Ihre Trüffelschweine im fränkischen Einheitsbrei

Tore tanzt – Regie: Katrin Gebbe

tore_tanztTore (Julius Feldmeier) liebt “den Herrn” aus ganzem Herzen. Der dürre, lang gewachsene Twen gehört nach gerade erfolgter Taufe im offenen See nun auch offiziell zu einer punkigen Jesus-Gemeinde, die unter anderem mit Rockkonzerten unkonventionelle Gottesdienste feiert. Zu so einem Event hat Tore auch Benno (Sascha Alexander Gersak) eingeladen, den er im Grunde gar nicht kennt. Aber nachdem er das nicht anspringende Auto dieses irgendwie düster wirkenden Familienvaters scheinbar nur durch die Kraft eines Gebets zum Laufen brachte, fühlt er sich von Gott quasi persönlich berufen. Bei diesem zeitnahen Wiedersehen wird für den Zuschauer klar: Tore leidet an Epilepsie.

Da sich von Tores bisheriger Ersatzfamilie, den Jesus Freaks, niemand so recht um den jungen Mann kümmert, nimmt ihn Benno mit sich in seinen Schrebergarten, wo er mit Astrid (Annika Kuhl) und zwei Kindern – der 15järigen Sanny (Swantje Kohlhof) und dem kleinen Dennis (Til Theinert) – offenkundig nicht nur die Freizeit verbringt, sondern dauerhaft wohnt. Als Tore am nächsten Tag mit seinem besten Kumpel wegen Keuschheitsfragen in Streit gerät, zieht er kurz entschlossen komplett zu den Vieren, schläft aber nicht mit ihnen in der Hütte sondern draußen, in einem Zelt und revanchiert sich für die Gastfreundschaft zunächst indem er bei der Gartenpflege hilft. Auf den ersten Blick scheint alles wie eine kleine Idylle, doch sehr bald beginnt der schöne Schein Stück für Stück zu bröckeln. Erst mit einer wie ein Scherz wirkenden Balgerei, dann auch mit schmerzhafteren Erfahrungen – Tore steht vor der härtesten Prüfung seiner Nächstenliebe.
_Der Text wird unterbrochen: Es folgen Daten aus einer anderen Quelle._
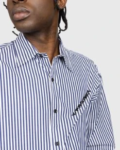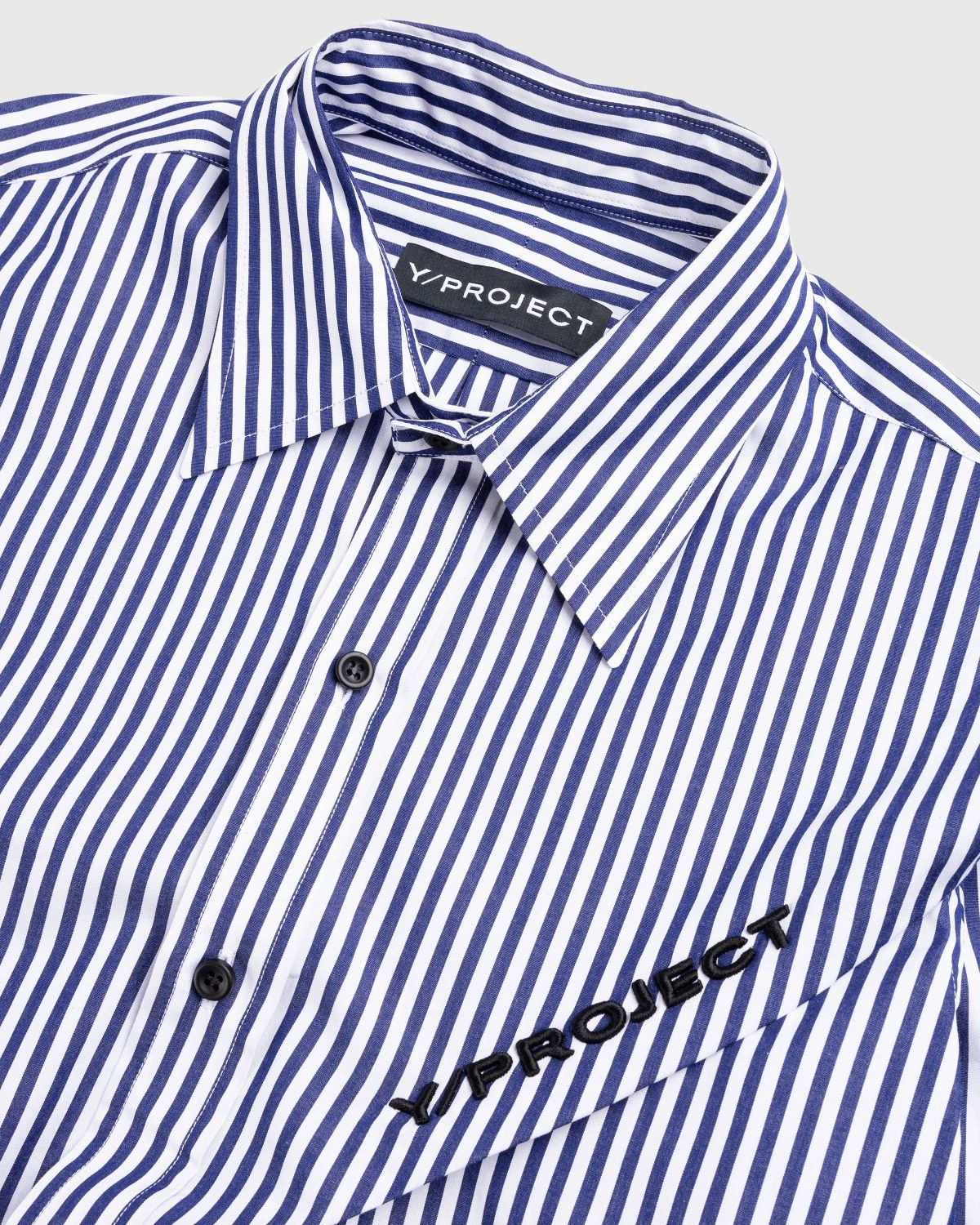 This longsleeve button-down by Y/Project showcases the labelβs polarizing pinched design by way of an embroidered logo implemented at the upper left torso. The garment then showcases an all-over, vertical striped pattern, while featuring a classic collar and traditional front button closure, with matching button cuffs.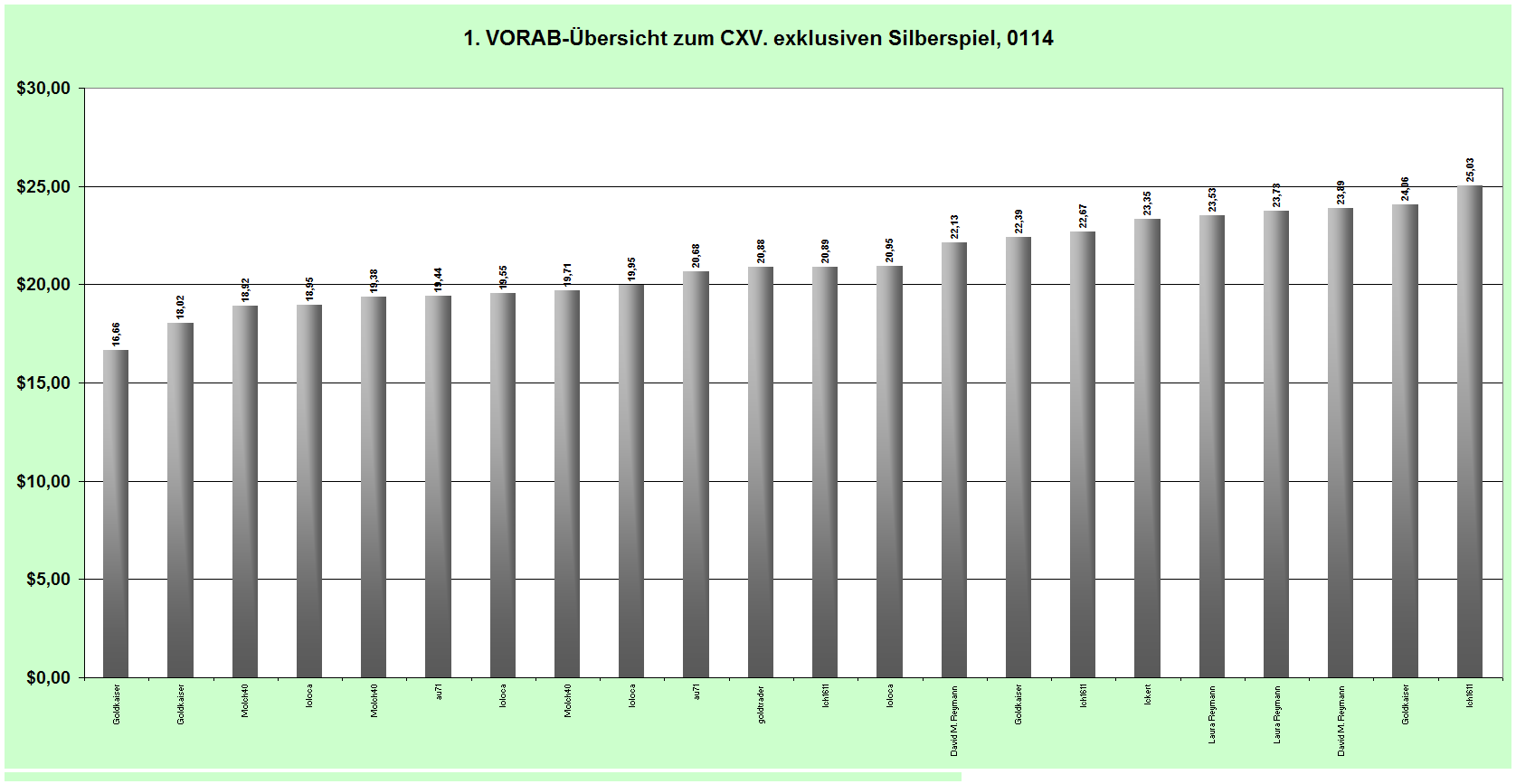- Gewinner unseres Spieles wird der Silberspieler sein, dessen Tipp zum letzen Handelstag des Spielmonats, dem tatsächlichen Silberkurs zu diesem Zeitpunkt am besten entspricht. Es gilt der Globex-Schlusskurs NY in US-$ 22:30 MEZ.

In drei Kapitel – Glaube, Liebe, Hoffnung – hat die 30jährige Regisseurin Katrin Gebbe ihr Langfilmdebüt “Tore tanzt” unterteilt. Das erinnert natürlich nicht zuletzt an Ulrich Seidls großartige Trilogie “Liebe. Glaube. Hoffnung” und seine Reise in die seelische Abgründe der Menschen und ist von der Grundstimmung mindestens (!) genauso verstörend, wie die Werke des Österreichers. Durchweg hervorragend gespielt, vor allen glänzt Theaterakteuer Julius Feldmeier, der für die Hauptfigur zum ersten Mal vor einer Kamera stand, erzählt “Tore tanzt” die Geschichte eines jungen Mannes, der mit seiner Anwesenheit die Unstimmigkeiten und mehr oder minder heimlichen Übergriffe in Bennos Familie für alle sichtbar macht. Wie ein Stein, der ins Wasser fällt und lange Kreise zieht, hat Tore unfreiwillig die Fassade der funktionierenden Familie zerstört. Das bleibt nicht ohne Folgen. Während Swantje langsam Vertrauen zu ihm fasst, wird Tore nun selbst zum Spielball für die sadistischen Neigungen der Erwachsenen. Der Film ist von Anfang bis Ende absolut stimmig – doch mehr vom Inhalt zu verraten scheint uns hier nicht angezeigt. Diesen provozierenden, erschütternden ja durchaus sogar subversiven Film um einen ebenso enthusiastischen wie arglosen jungen Mann müssen Sie einfach gesehen haben, auch wenn er ihnen durch Mark und Bein gehen wird.